- What to produce:
From the records below, please print only the lines from the one containing "實(shí)踐證明,一次真空" through the one containing "2:温かいうちにオリーブオイ", both included. Skip the pictures.

- Data records:
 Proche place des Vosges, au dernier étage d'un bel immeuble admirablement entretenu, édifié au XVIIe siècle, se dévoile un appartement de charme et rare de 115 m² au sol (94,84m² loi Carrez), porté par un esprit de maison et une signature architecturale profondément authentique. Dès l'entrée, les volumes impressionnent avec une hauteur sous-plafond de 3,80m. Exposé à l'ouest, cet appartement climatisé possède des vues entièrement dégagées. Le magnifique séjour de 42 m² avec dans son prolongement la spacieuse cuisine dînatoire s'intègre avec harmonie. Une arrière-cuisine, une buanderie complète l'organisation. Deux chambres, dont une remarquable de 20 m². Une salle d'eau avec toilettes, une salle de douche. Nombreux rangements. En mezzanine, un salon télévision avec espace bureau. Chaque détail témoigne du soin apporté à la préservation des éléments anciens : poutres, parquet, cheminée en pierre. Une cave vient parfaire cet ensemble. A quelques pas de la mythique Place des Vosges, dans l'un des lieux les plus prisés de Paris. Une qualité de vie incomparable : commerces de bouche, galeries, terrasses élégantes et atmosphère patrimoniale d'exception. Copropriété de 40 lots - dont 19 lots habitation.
---
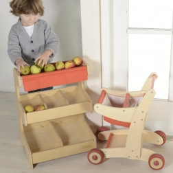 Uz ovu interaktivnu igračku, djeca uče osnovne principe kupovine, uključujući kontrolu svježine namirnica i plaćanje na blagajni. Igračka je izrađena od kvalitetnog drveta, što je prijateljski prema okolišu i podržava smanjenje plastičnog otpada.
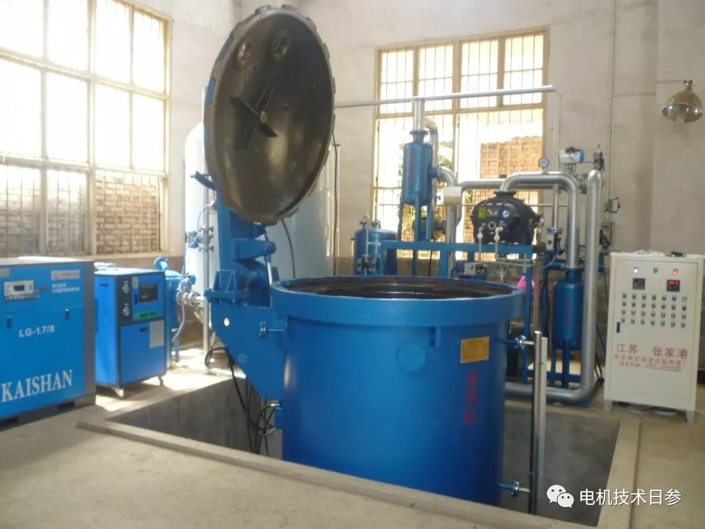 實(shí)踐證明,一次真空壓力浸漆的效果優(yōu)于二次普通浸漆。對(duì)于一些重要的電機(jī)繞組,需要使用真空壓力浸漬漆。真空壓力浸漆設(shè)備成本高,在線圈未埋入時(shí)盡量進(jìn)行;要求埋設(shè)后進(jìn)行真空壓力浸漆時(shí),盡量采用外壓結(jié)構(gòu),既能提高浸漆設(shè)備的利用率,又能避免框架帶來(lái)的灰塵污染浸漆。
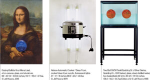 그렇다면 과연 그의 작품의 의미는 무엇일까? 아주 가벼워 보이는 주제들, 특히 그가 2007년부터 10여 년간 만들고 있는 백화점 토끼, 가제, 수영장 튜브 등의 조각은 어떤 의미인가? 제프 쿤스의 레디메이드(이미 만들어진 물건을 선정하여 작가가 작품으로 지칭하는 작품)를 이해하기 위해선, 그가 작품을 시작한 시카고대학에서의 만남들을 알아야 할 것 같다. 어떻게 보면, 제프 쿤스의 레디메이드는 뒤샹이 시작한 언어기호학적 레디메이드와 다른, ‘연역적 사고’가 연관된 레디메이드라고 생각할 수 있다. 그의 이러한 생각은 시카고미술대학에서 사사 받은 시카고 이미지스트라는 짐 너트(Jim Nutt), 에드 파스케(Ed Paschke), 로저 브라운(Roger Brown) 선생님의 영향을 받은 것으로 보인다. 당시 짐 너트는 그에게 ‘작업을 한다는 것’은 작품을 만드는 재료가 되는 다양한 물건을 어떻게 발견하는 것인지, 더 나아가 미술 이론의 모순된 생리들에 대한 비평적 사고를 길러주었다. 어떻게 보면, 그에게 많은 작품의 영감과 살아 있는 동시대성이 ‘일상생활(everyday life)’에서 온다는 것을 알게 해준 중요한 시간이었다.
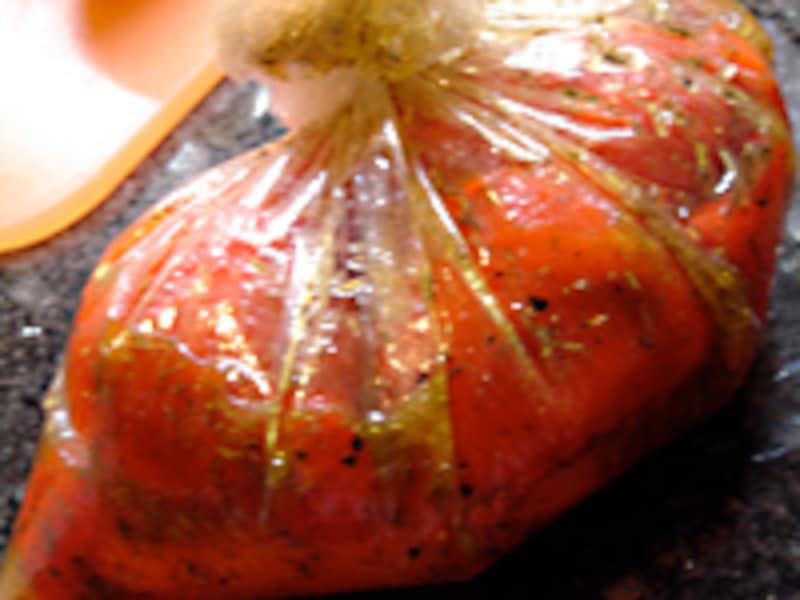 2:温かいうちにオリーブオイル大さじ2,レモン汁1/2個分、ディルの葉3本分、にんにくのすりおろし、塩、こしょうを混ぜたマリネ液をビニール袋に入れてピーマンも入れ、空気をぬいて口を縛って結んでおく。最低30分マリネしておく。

- Response box:
 實(shí)踐證明,一次真空壓力浸漆的效果優(yōu)于二次普通浸漆。對(duì)于一些重要的電機(jī)繞組,需要使用真空壓力浸漬漆。真空壓力浸漆設(shè)備成本高,在線圈未埋入時(shí)盡量進(jìn)行;要求埋設(shè)后進(jìn)行真空壓力浸漆時(shí),盡量采用外壓結(jié)構(gòu),既能提高浸漆設(shè)備的利用率,又能避免框架帶來(lái)的灰塵污染浸漆。
 그렇다면 과연 그의 작품의 의미는 무엇일까? 아주 가벼워 보이는 주제들, 특히 그가 2007년부터 10여 년간 만들고 있는 백화점 토끼, 가제, 수영장 튜브 등의 조각은 어떤 의미인가? 제프 쿤스의 레디메이드(이미 만들어진 물건을 선정하여 작가가 작품으로 지칭하는 작품)를 이해하기 위해선, 그가 작품을 시작한 시카고대학에서의 만남들을 알아야 할 것 같다. 어떻게 보면, 제프 쿤스의 레디메이드는 뒤샹이 시작한 언어기호학적 레디메이드와 다른, ‘연역적 사고’가 연관된 레디메이드라고 생각할 수 있다. 그의 이러한 생각은 시카고미술대학에서 사사 받은 시카고 이미지스트라는 짐 너트(Jim Nutt), 에드 파스케(Ed Paschke), 로저 브라운(Roger Brown) 선생님의 영향을 받은 것으로 보인다. 당시 짐 너트는 그에게 ‘작업을 한다는 것’은 작품을 만드는 재료가 되는 다양한 물건을 어떻게 발견하는 것인지, 더 나아가 미술 이론의 모순된 생리들에 대한 비평적 사고를 길러주었다. 어떻게 보면, 그에게 많은 작품의 영감과 살아 있는 동시대성이 ‘일상생활(everyday life)’에서 온다는 것을 알게 해준 중요한 시간이었다.
 2:温かいうちにオリーブオイル大さじ2,レモン汁1/2個分、ディルの葉3本分、にんにくのすりおろし、塩、こしょうを混ぜたマリネ液をビニール袋に入れてピーマンも入れ、空気をぬいて口を縛って結んでおく。最低30分マリネしておく。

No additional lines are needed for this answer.